In Deutschland wächst langsam, aber sicher das Bewusstsein für die deutsch-namibische Geschichte. Dabei geht es vor allem um das Kolonialregime im damaligen Deutsch-Südwestafrika und den Genozid an Herero und Nama. Ein weniger bekanntes Kapitel ist hingegen das der sogenannten Oshi-Deutschen: Zwischen 1979 und 1990 wurden Hunderte Kinder von Namibia in die DDR verschifft, um sie vor den Gefahren des Befreiungskampfes gegen den Apartheidsstaat Südafrika in Sicherheit zu bringen.
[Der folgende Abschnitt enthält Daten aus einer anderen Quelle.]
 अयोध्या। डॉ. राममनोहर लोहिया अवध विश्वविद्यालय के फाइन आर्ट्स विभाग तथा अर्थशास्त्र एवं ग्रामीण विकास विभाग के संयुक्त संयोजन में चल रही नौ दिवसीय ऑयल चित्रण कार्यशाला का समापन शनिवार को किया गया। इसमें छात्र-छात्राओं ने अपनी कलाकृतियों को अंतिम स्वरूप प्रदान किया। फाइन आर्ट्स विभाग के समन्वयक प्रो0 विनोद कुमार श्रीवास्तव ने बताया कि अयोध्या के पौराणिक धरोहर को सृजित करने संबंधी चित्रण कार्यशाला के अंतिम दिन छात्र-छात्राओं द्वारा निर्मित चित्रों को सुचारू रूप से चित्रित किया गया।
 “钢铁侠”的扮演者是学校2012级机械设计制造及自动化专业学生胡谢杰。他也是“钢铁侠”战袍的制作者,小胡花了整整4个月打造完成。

Der Name kommt von der besonderen Sprache, mit der die Kinder aufgewachsen waren - einer Mischung aus Deutsch, Englisch und Oshivambo.
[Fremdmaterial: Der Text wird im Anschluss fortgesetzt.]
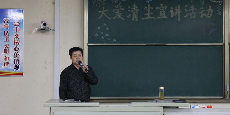 赵方以“尘肺病”为题,向同学们普及尘肺病知识,宣传尘肺病预防措施,让同学们知晓尘肺病的危害,提高自我防护意识,减少粉尘接触危害。邹建芳以“健康中国行动职业健康保护进校园---尘肺病”为主题,给同学们介绍了粉尘的危害性,用一个个生动的例子,一张张触目惊心的图片讲述了尘肺家庭的艰辛、大爱清尘组织以及社会志愿者活动等。大家被尘肺患者生活的艰辛和痛苦深深触动,也被大爱清尘每一位志愿者的执着和奉献而感动。同学们也精心排练的反映煤矿工人现实生活的情景剧《南冶》,获得了现场老师及同学们的热烈掌声。在活动的最后还设计了有奖问答环节,并在同学们的积极参与中圆满结束。

Oshi-Deutsche | Lucia Engombe
Lucia Engombe - heute Journalistin beim deutschsprachigen Programm der der Namibian Broadcasting CorporationBild: Jasko Rust

Dann brach innerhalb weniger Monate zweimal die Weltpolitik über die Oshi-Deutschen herein: Im November 1989 fiel die Berliner Mauer, und im März 1990 wurde Namibia unabhängig. Wiederum ein paar Monate später, Ende August, wurden die ersten Kinder zurückgebracht. Hunderte schwarze Kinder, Jugendliche und junge Erwachsene mussten sich nach den beiden politischen Umbrüchen in einem Land zurechtfinden, dessen Kultur ihnen fremd war. "Wir hatten mit einem Dschungel gerechnet, mit Löwen und Palmen überall", erinnert sich Ina Maria Shikongo. Stattdessen bot sich ihr 1990 bei ihrer Ankunft in Namibia ein trockenes Land.
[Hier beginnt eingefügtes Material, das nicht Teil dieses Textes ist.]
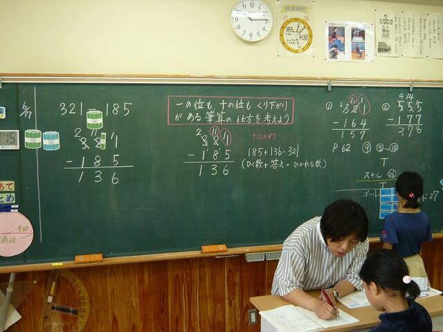 3年生の教室には、県内のたくさんの先生方が、淵上先生の授業を見に来られました。3年生は緊張しながらも、普段通り算数の授業に集中していました。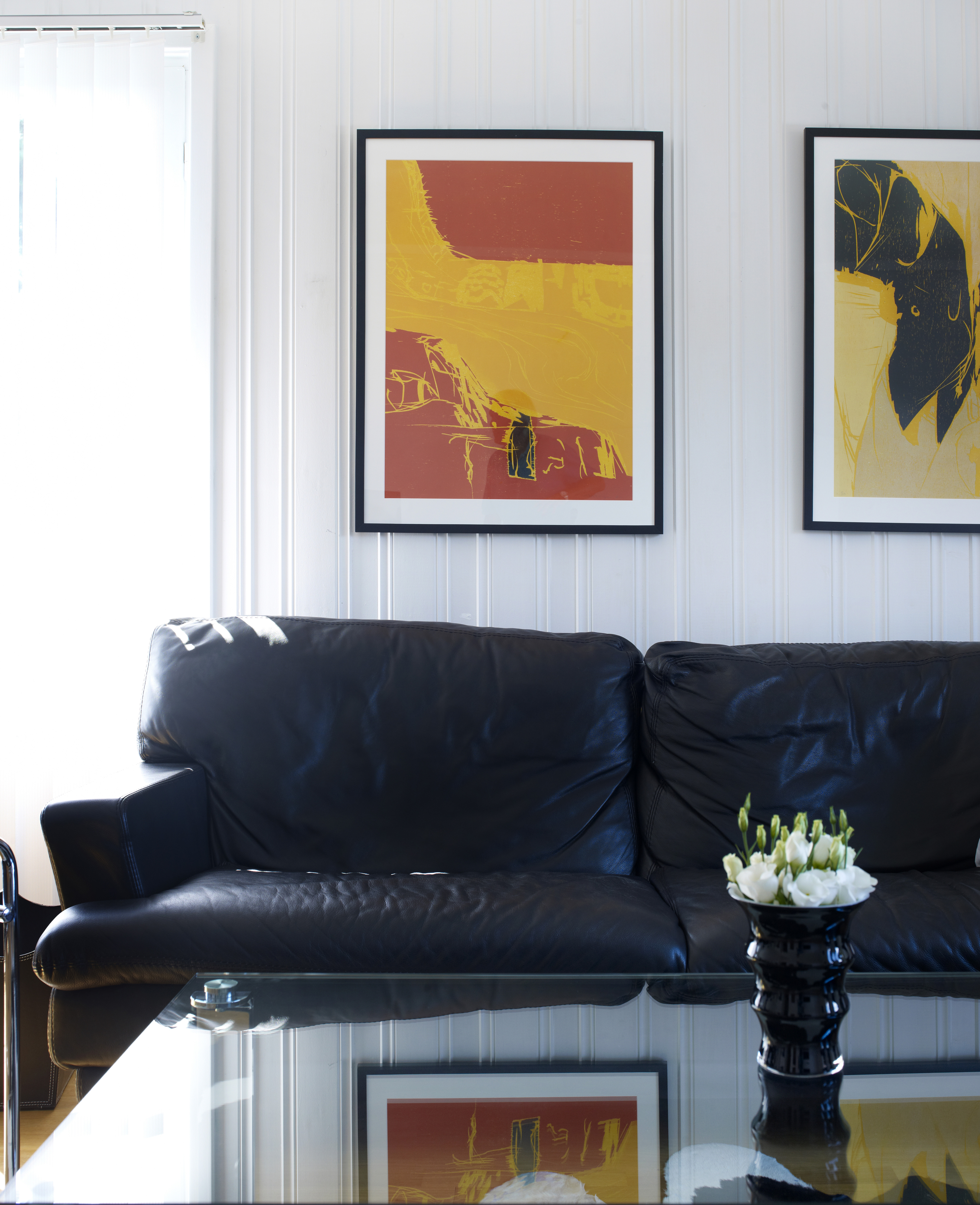 To kjøkkenvinduer gir bra lysforhold på kjøkkenet, men ikke den helt store utsikten. Det løste den erfarne interiørarkitekten på en kreativ måte: Hvit- og sortmaling og passende pensler ble funnet frem, et enkelt motiv i bølgeform maltes så på glassplatene. De ulike gråtonene skapes ved å gradvis blande mer og mer sort i hvitmalingen. "Glassmaleriet" fungerer både som noe å hvile blikket på og som en praktisk flate å holde ren over kjøkkenbenken. Et slikt maleri kan eventuelt også skapes ved å male rett på veggen og montere glassplatene etterpå.

Zwei Fotos mit Koffern und Menschen, die aus einem Flugzeug steigen
Rückkehr in ein fremdes Land: Bilder aus dem Fotoalbum von Engombe zeigen die Ankunft der Kunder in WindhukBild: picture-alliance/dpa/A. Probst

Eine der ersten Oshi-Deutschen war Lucia Engombe - sie kam bereits 1979 in die DDR und ging dort elf Jahre lang zur Schule. Mit der Ausbildung sollten sie zur neuen Elite des Landes erzogen werden. Zurück in Namibia, sagt sie der DW, habe sie sich alleingelassen gefühlt: "Vorher haben sie uns ständig ermutigt und versucht, uns zu belohnen. Damit hätten sie einfach weitermachen sollen." Bei vielen löste der Umbruch eine Identitätskrise aus, dazu kam die finanzielle Unsicherheit.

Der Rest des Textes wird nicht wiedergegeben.